__How to complete this task__: Restate exactly the lines of the entries below, beginning with the first and ending with the line that holds "morning April 20". Pictures are not copied.

··· Input records ···

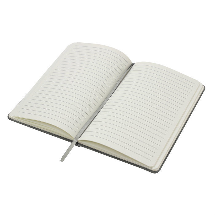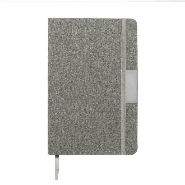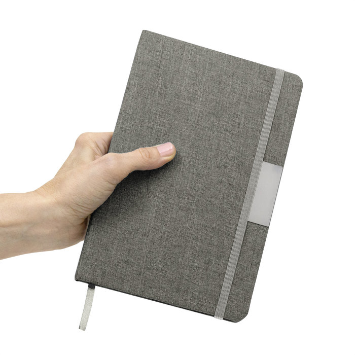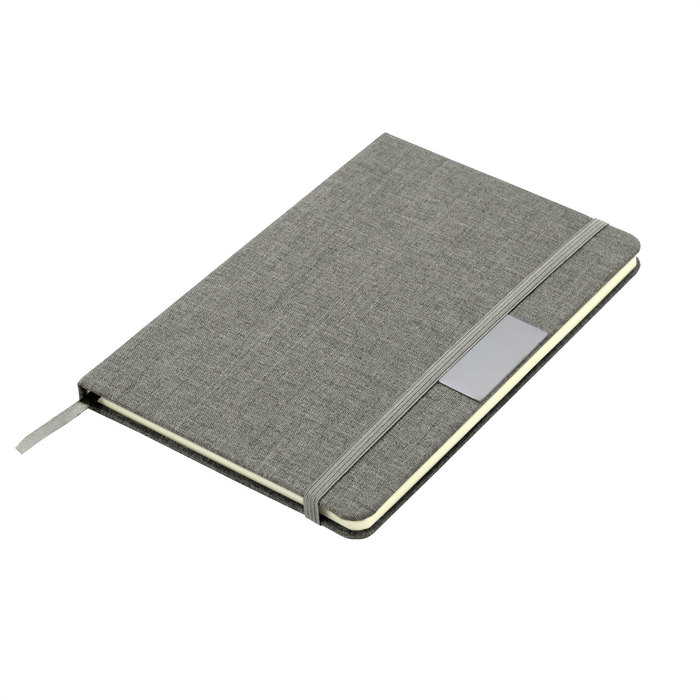 Libreta "GRETA" Sostenibilidad elegante. Libreta con placa metálica. Tapa de cartón de 300g recubierta en RPET 310. Placa metálica de 5 x 2 cm. Interior de 80 hojas rayadas en papel obra de 70g. Encuadernación cosida. Cierre con banda elástica del mismo color de la tapa.
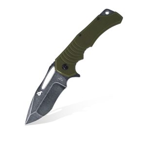 - Blade: folding knife, drop point profile, flat grind, plain cutting edge
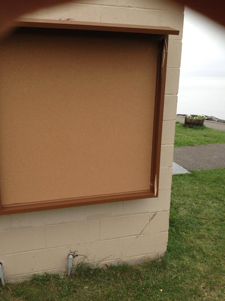“This morning April 20 2015 What a shame and insult to this great community!” Ossining Town Supervisor Sue Donnelly posted on Facebook. “The display case at Louis Engel Park with the doors ripped off...If you have any information concerning who is responsible for this please contact the Ossining Police Department.”
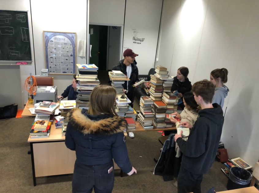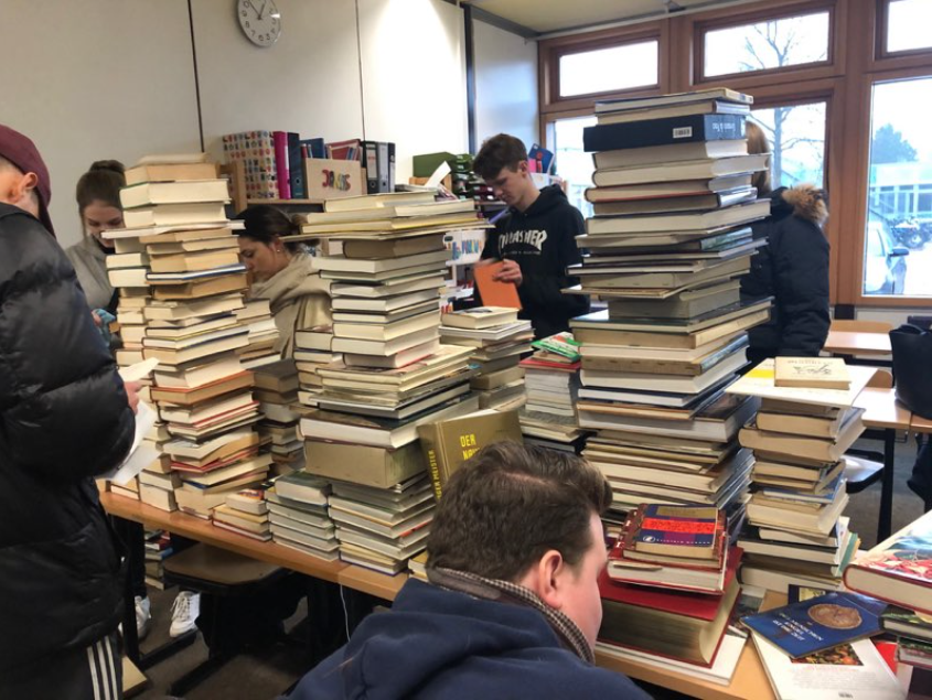 Das zeitliche Zusammentreffen von der Schenkung einer Bibliothek und dem Termin der Sternstunden ließen die Klasse 12c auf die Idee kommen, die Bücher für einen guten Zweck gegen eine Spende abzugeben. Da wussten die Klasse und ihr Klassenlehrer aber noch nicht, welche Büchermengen da auf sie zukommen sollten. Als dann aber der Anhänger mit der Riesenmenge an Büchern aller Art, von Romanen über Reiseliteratur bis hin zu Sachbüchern aller Wissensgebiete vor der Schule stand, war das Erstaunen groß. Zum Glück gab es gerade einige freie Regale, so dass die Klasse eine ganze Raumseite voller Regale aufstellen konnte. Ein anderer Teil der Klasse begann die Bücher nach Sachgebieten zu sortieren und ein weiterer Teil, diese für den Tag der Sternstunden erst einmal zu entstauben und die Buchumschläge mit feuchten Tüchern zu polieren. Dies zog sich über mehrere Tage, immer mal wieder in den Unterrichts- und Mittagspausen, hin und verwandelte allmählich den Klassenraum in ein Antiquariat.
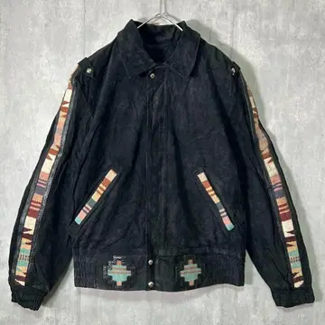 • 빈티지 네이티브 무늬 킵 레더 절개 하프 코트 자켓
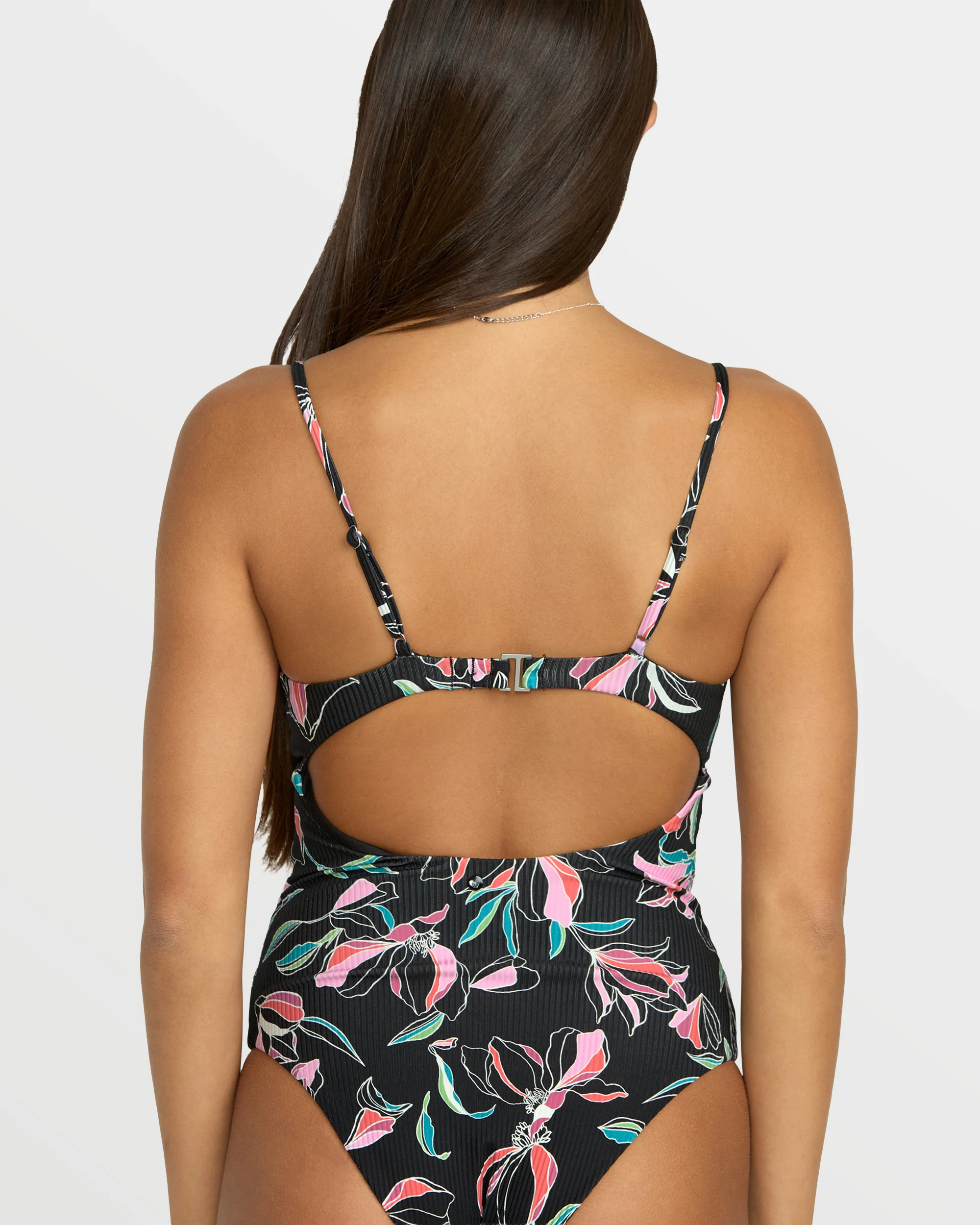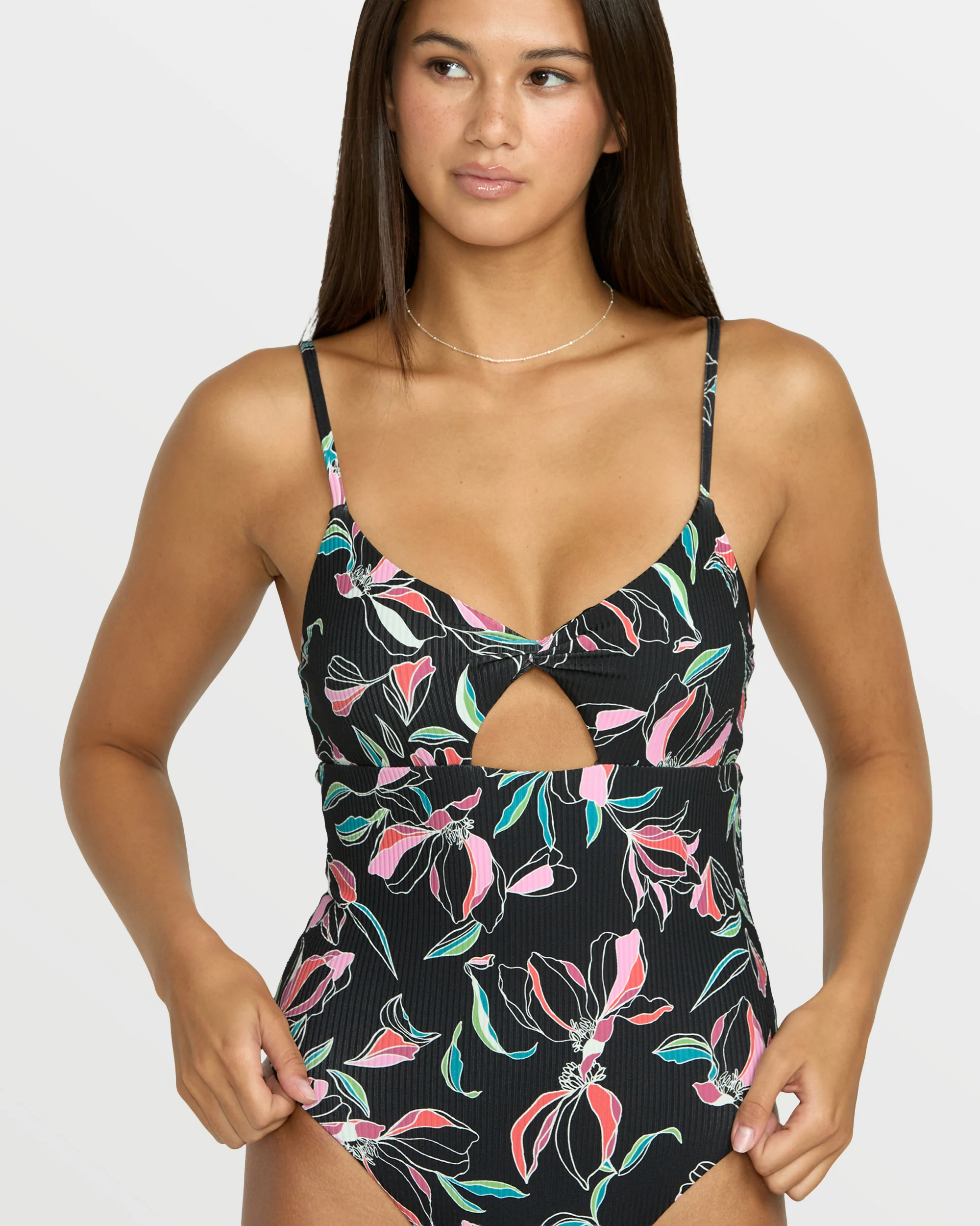 Dream In Bloom Twist One Piece’s recycled nylon blend sculpts curves. Twist front, removable cups, adjustable straps. Dream In Bloom Twist One Piece minimally covers but maximizes style.

···

__Task output__:
 Libreta "GRETA" Sostenibilidad elegante. Libreta con placa metálica. Tapa de cartón de 300g recubierta en RPET 310. Placa metálica de 5 x 2 cm. Interior de 80 hojas rayadas en papel obra de 70g. Encuadernación cosida. Cierre con banda elástica del mismo color de la tapa.
 - Blade: folding knife, drop point profile, flat grind, plain cutting edge
“This morning April 20 2015 What a shame and insult to this great community!” Ossining Town Supervisor Sue Donnelly posted on Facebook. “The display case at Louis Engel Park with the doors ripped off...If you have any information concerning who is responsible for this please contact the Ossining Police Department.”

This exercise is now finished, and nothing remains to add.